At Color Congress, an organization that serves nonfiction organizations led by people of color, member organizations choose to devote collective resources to similar distribution plans. During a presentation at the conference, Color Congress’s Sonya Childress publicly announced a new “collective distribution project.” With an initial annual budget of US$300,000, they will support the release of 10 to 15 films directed by filmmakers of color and supported by member organizations over the next two years. “Designed as a series of experiments intended to seed the infrastructure needed to collectively market a range of films,” Childress explained to Documentary, the initiative would “secure new audience data and identify best practices that can inform new distribution pathways to center filmmakers and audiences of color.”

In addition to marketing, data was another buzzword at this year’s conference. During a “fireside chat,” former Sundance Institute CEO and Walter Shorenstein Fellow Keri Putnam discussed some preliminary research for her upcoming report on the documentary industry, which sifts through hundreds of interviews and data points. And like Distribution Advocates and Color Congress, she came to similar conclusions. 

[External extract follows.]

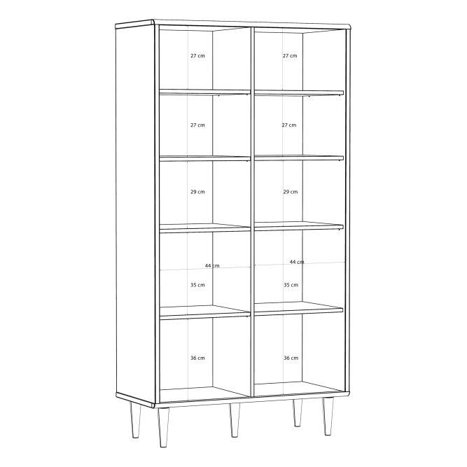 Wymiary regału: szer. 94,6 cm × wys. 182,6 cm × gł. 43 cm

“One of the big findings,” she said, “is that a lot of these independent spaces—whether it’s an individual film team releasing their film on their own, or community releases, or art house theaters and film festivals—don’t actually have sophisticated marketing that actually enables them to use data to know their audience and then reach their audience.” Putnam also relayed drops in average monthly reach and digital users for PBS, despite relaying robust “audience demand” for the POV and Independent Lens strands.

Meanwhile, Barbara Twist, executive director of the Film Festival Alliance, shared similar concerns about the exhibition of documentaries in theatrical settings. “We are still in recovery,” she admitted, noting a 25–30% drop in the theatrical audience for independent documentaries. “Our revenue sources are somewhat reliant on donations and support from the community. But we do also rely on ticket sales, so we are still struggling,” she added. 

But outside the talks, at the Japanese bakeries, or taco trucks, or sunny plazas, the some 750 in-person attendees appeared undeterred by the bleak landscape—of the industry and world events—and ready to fight. At the conference’s closing remarks, even IDA’s new Executive Director, Dominic Asmall Willsdon—who oversaw his first Getting Real conference and “first en masse experience of this community”—seemed to be taken aback by the can-do optimism on display. “I am genuinely moved by the experience of this past week,” he said. “I can’t believe just the emotion and the dedication and the concern for the field that is expressed throughout this conference by everybody who attended.” 


Anthony Kaufman is a freelance journalist; film instructor at New School, DePaul, and Loyola Universities; and senior programmer at the Chicago International Film Festival and the Doc10 film festival.